Admiral is the rank, or part of the name of the ranks, of the highest naval officers. It is usually abbreviated to "Adm" or "ADM".
The rank is generally thought to have originated in Sicily from a conflation of Arabic: أمير البحر, amīr al-baḥr, "commander of the sea", with Latin admirabilis ("admirable") or admiratus ("admired"), although alternative etymologies derive the word directly from Latin, or from the Turkish military and naval rank miralay.
In the Commonwealth and the U.S., a "full" admiral is equivalent to a "full" general in the army, and is above vice admiral and below admiral of the fleet (or fleet admiral).
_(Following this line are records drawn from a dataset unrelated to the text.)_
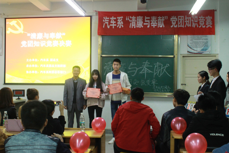 2017年03月21日,汽車運用工程系黨總支組織部舉辦了“清廉與奉獻”知識競賽活動,其目的在于加強對黨的認識,學習黨的奮斗精神,調(diào)動學生的入黨積極性,努力爭做一個優(yōu)秀的黨員,讓廣大共青團員努力實踐黨的號召,爭取早日加入中國共產(chǎn)黨,為社會主義事業(yè)做貢獻,成為國家最堅強的后盾,為“中國夢”共創(chuàng)一片天。以這次活動為契機,加強同學們對黨章的認識,對黨的十八大精神的學習,加深同學們對中國共產(chǎn)黨“兩個先鋒隊”和特色社會主義事業(yè)領(lǐng)導核心地位的認識以及讓同學們更加了解黨的指導思想,引導同學們積極地向黨組織靠攏,為此,汽車系黨總支組織部特地舉辦本次“清廉與奉獻”知識競賽活動。
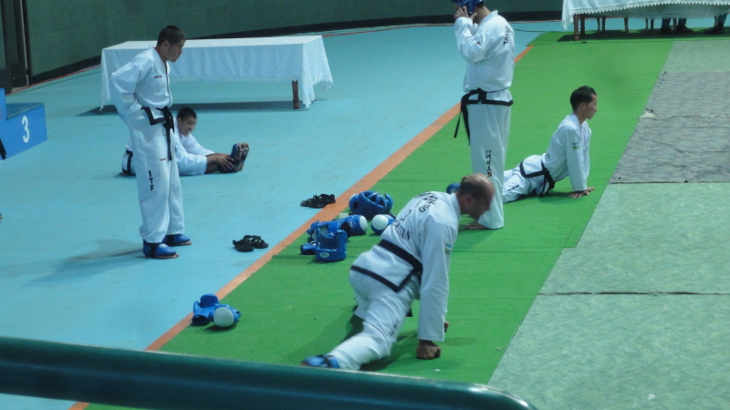 ジーンズ姿でリラックスして見ているとシニアの黒帯の選手が練習している姿が見えます。オカシイ…スケジュールでは今日はジュニアのみのはず…しかし深くは考えず請われるがままに写真撮影等しているとモルドバのイケメンが話し掛けて来ました。
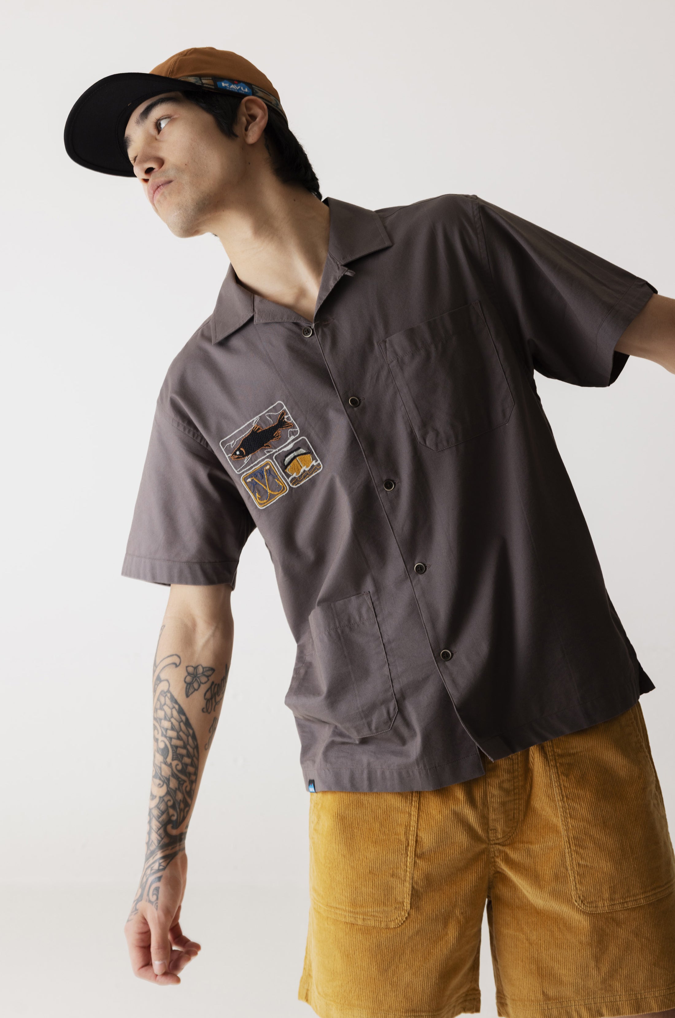 KAVU Bay Beach Short Sleeve Shirt (Dark Grey)
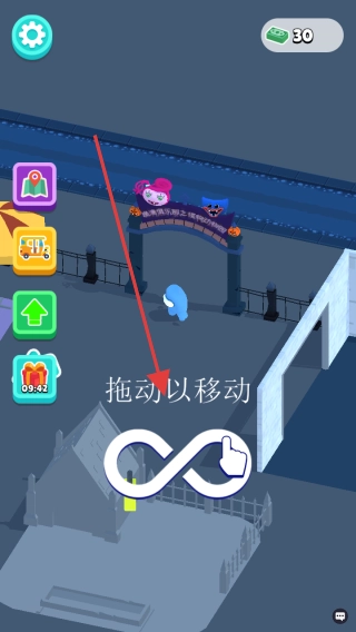 1、按照“拖动以移动”的提示拖动屏幕,操控蓝色角色进行移动,探索当前场景并熟悉地图,将目标对准建筑,为解锁或互动操作做准备。
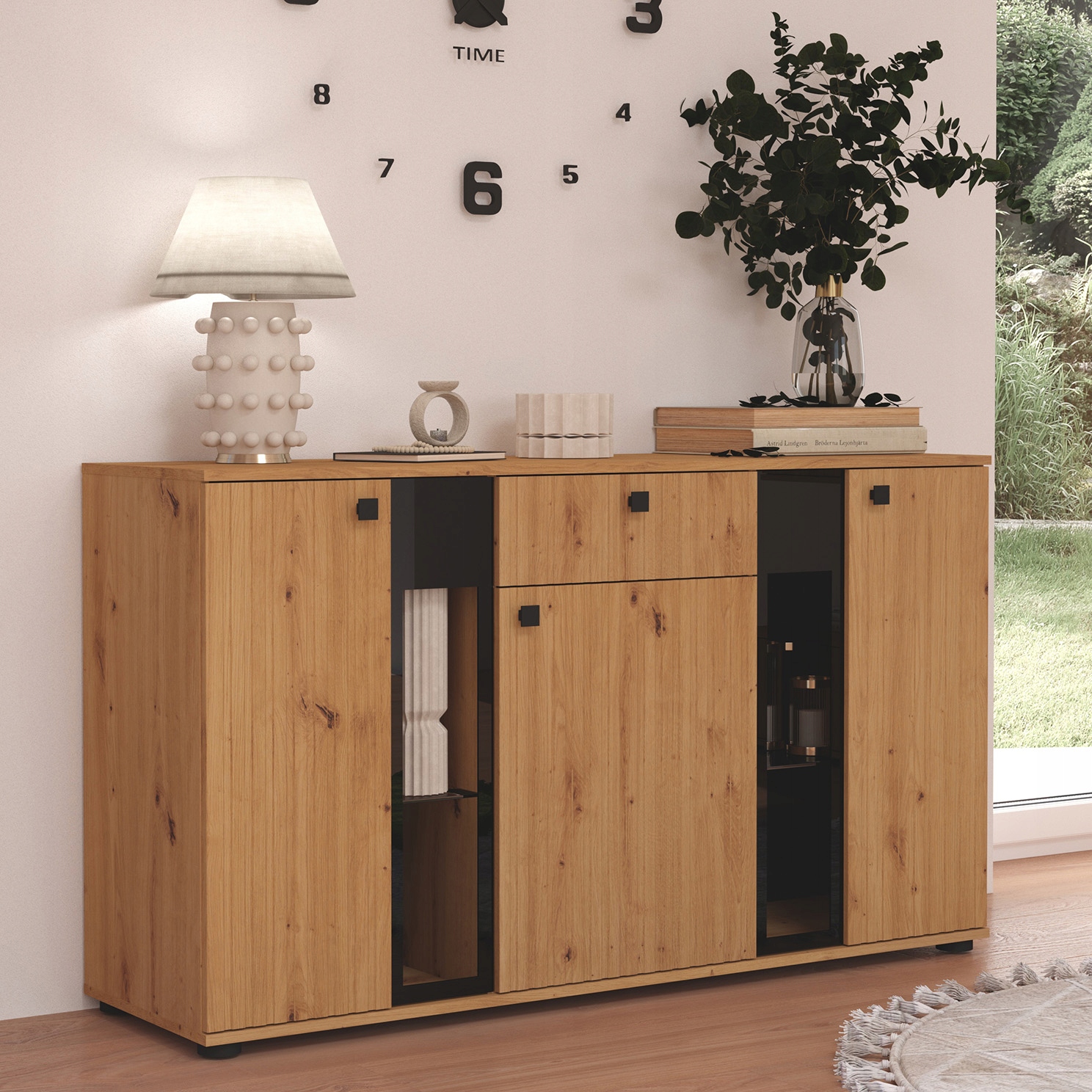 Komoda SILVO lamele dąb artisan biały matera do salonu pokoju kredens
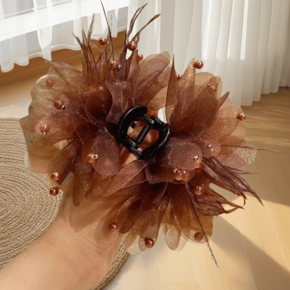 [ya06] feather peony flower grip 13cm [coffee-color]

In NATO, admirals have a rank code of OF-9 as a four-star rank.
The word "admiral" in Middle English comes from Anglo-French amiral, "commander", from Medieval Latin admiralis, admirallus. These themselves come from Arabic "amīr", or amīr al- (أمير الـ), "commander of", as in amīr al-baḥr (أمير البحر), "commander of the sea". The term was in use for the Greco-Arab naval leaders of Norman Sicily, which had formerly been ruled by Arabs, at least by the early 12th century.
The Norman Roger II of Sicily (1095–1154), employed a Greek Christian known as George of Antioch, who previously had served as a naval commander for several North African Muslim rulers. Roger styled George in Abbasid fashion as "Amir of Amirs", i.e. "Commander of Commanders", with the title becoming Latinized in the 13th century as "ammiratus ammiratorum".